Published 03/31/2022, 08:24 AM
Updated 03/31/2022, 08:42 AM
© Reuters.

By Geoffrey Smith 

Investing.com -- U.S. consumer spending slowed sharply in February as the effect of pandemic-driven stimulus programs faded and high inflation started to bite.

Personal spending rose only 0.2% on the month, down from an upwardly revised 2.7% in January, according to figures released by the Bureau of Economic Analysis. That was comfortably below expectations for a 0.5% rise. That was despite the fact that personal income rose a more respectable 0.5%, in a month when the effects of the winter wave of Covid-19 had already peaked. 

At the same time, the data series widely seen as the Federal Reserve's preferred measure of inflation posted another chunky increase, with the index for personal consumer expenditures rising 0.6% on the month, taking the annual rate to 6.4%. The core rate of PCE inflation rose to 5.2%, both figures representing 40-year highs.
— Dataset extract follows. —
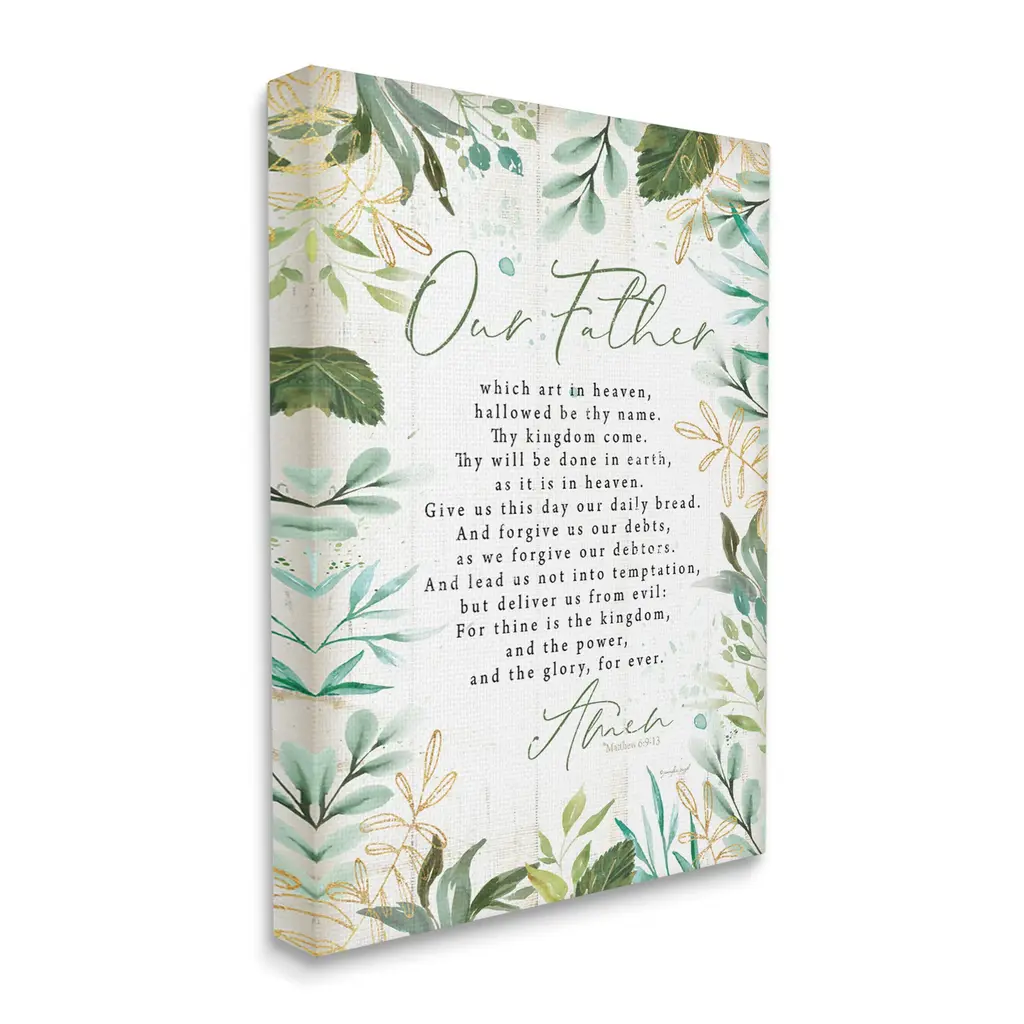 We create our stretched canvas to the highest standards. Using only the highest quality inks and canvas on Mimaki printers, we hand-cut and stretch each piece over a 1.5-inch thick wooden frame for hanging. As a result, the art comes ready to hang on the sturdy ledge with no installation required. Stupell Wall Art is made in the USA.Features: Dimensions: 16 x 1.5 x 20 InchesStretched Canvas Sizes Include Standard: 16 x 1.5 x 20 Large: 20 x 1.5 x 30 X-Large: 30 x 1.5 x 40 Oversized: 36 x 1.5 x 48Wall Art is Ready to Hang - No Installation or Hardware Needed. For Easy Set Up Lean or Layer Artwork on Shelf or Against Wall.Our stretched canvas is created with the highest standards. We use only the highest quality inks and canvas on our in house Mimaki printers, and then hand cut and stretch each piece over a 1.5 inch thick wooden frame for hanging. Made In USA.Artwork Relates To: Herbal, Herbs, Plant, Leaf, Botanical, Religious, Prayer, Our FatherDesign by Jennifer Pugh

Greg Daco, an analyst with Oxford Economics, noted that, adjusted for inflation, spending had fallen 0.4%.

Analysts view the PCE price index as a better guide to inflationary trends because it is quicker to reflect changes in prices for goods and services that are bought more regularly.  

The numbers provided fresh evidence of consumer spending reverting to more normal patterns, after two years punctuated by lockdowns and dominated by working-from-home pushed spending in the direction of home improvements and electronic appliances. The strongest gains were seen in food services and accommodation, along with recreation. By contrast, spending declined most on motor vehicles and parts, and on furnishings. 

That trend may yet have further to run: Oxford's Daco noted that spending on goods is still 7.7% above its pre-Covid trend, while spending on services is nearly 4% below it.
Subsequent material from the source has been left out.